**Problem to work on**
Below are some records. Write out exactly their lines from the one with "Cette invitation chic" through the one with "Młodzi aktorzy zaprezentowali", and leave the pictures behind.
----- Provided entries
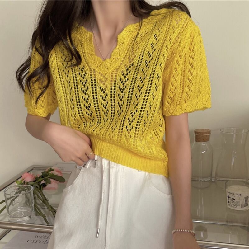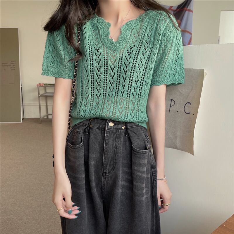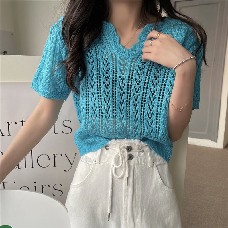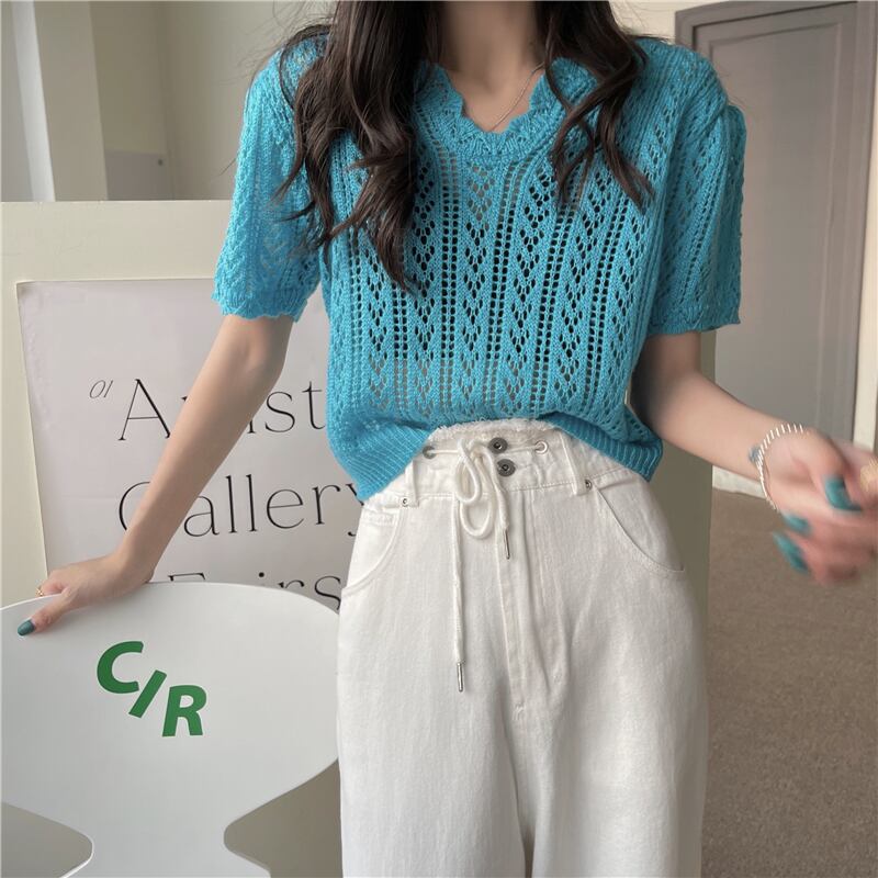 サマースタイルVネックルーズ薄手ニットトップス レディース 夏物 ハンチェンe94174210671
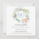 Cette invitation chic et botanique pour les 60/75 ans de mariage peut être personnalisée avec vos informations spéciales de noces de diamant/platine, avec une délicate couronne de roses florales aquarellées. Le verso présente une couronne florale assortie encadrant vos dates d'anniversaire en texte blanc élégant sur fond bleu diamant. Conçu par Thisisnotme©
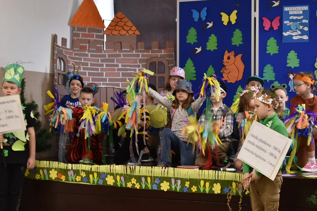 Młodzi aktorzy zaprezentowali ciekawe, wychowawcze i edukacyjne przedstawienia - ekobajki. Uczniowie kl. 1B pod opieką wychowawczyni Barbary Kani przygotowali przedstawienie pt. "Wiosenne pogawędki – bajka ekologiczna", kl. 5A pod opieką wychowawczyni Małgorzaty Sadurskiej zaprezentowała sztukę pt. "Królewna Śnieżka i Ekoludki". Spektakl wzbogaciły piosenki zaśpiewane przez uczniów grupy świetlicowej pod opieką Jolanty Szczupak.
----------
----- Provided entries
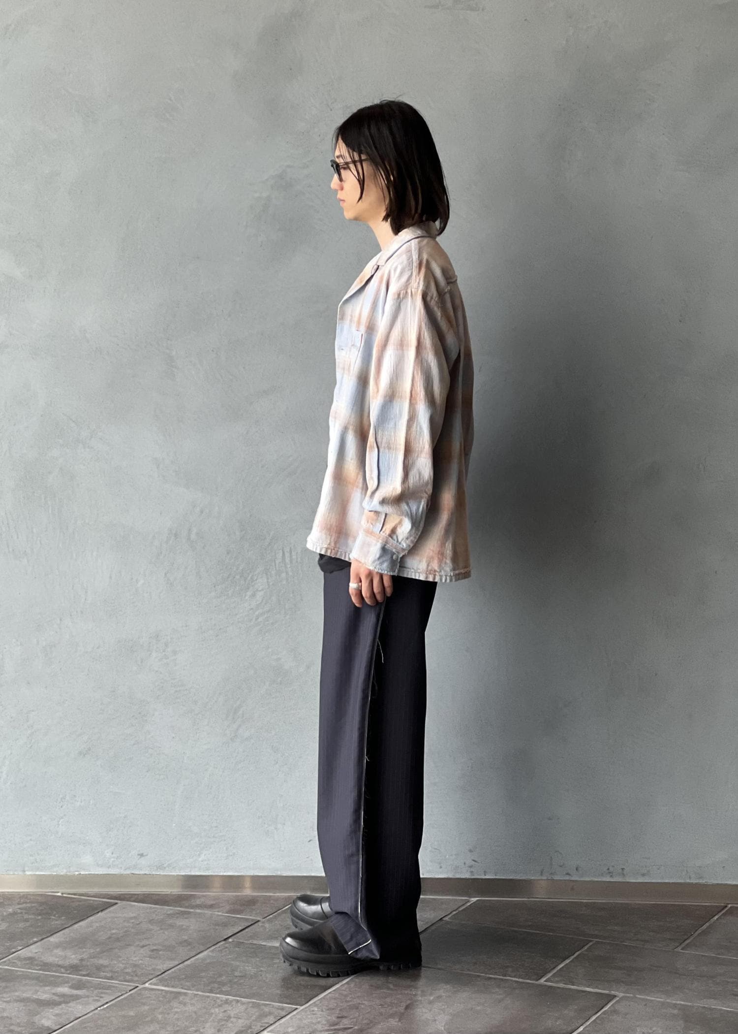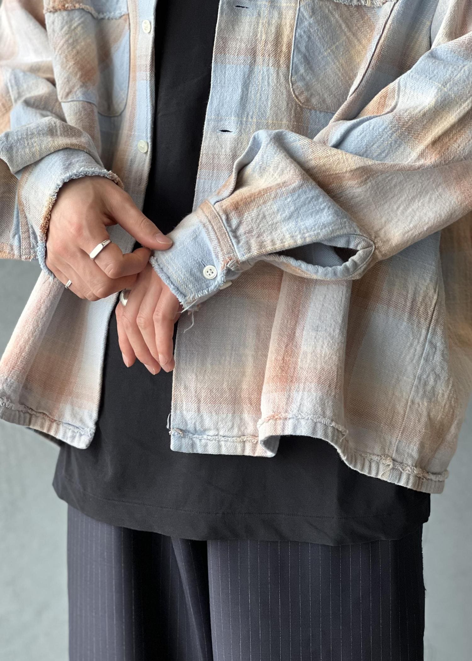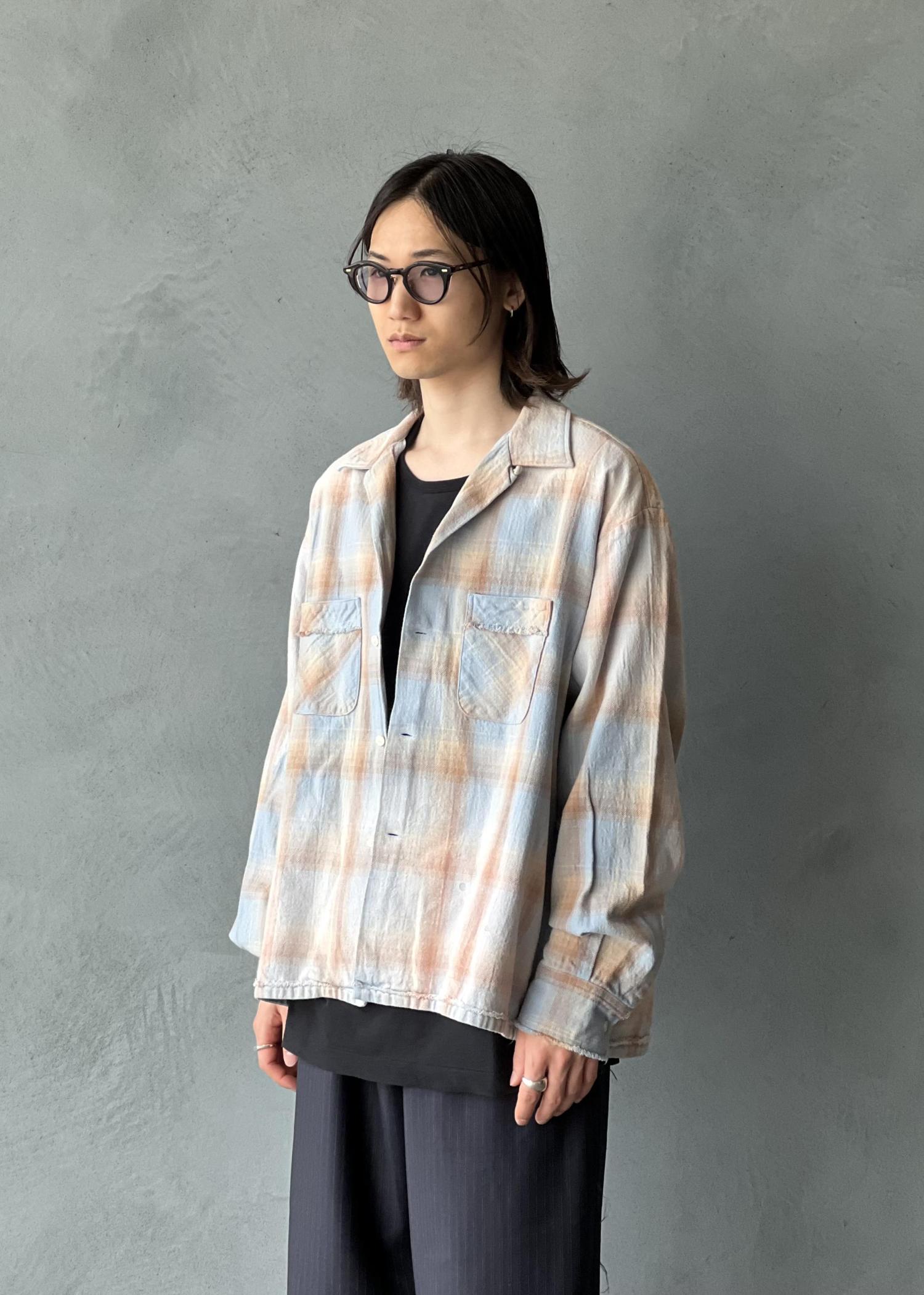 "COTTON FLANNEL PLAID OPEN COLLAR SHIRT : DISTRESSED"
----------
**Exercise solution**
 Cette invitation chic et botanique pour les 60/75 ans de mariage peut être personnalisée avec vos informations spéciales de noces de diamant/platine, avec une délicate couronne de roses florales aquarellées. Le verso présente une couronne florale assortie encadrant vos dates d'anniversaire en texte blanc élégant sur fond bleu diamant. Conçu par Thisisnotme©
 Młodzi aktorzy zaprezentowali ciekawe, wychowawcze i edukacyjne przedstawienia - ekobajki. Uczniowie kl. 1B pod opieką wychowawczyni Barbary Kani przygotowali przedstawienie pt. "Wiosenne pogawędki – bajka ekologiczna", kl. 5A pod opieką wychowawczyni Małgorzaty Sadurskiej zaprezentowała sztukę pt. "Królewna Śnieżka i Ekoludki". Spektakl wzbogaciły piosenki zaśpiewane przez uczniów grupy świetlicowej pod opieką Jolanty Szczupak.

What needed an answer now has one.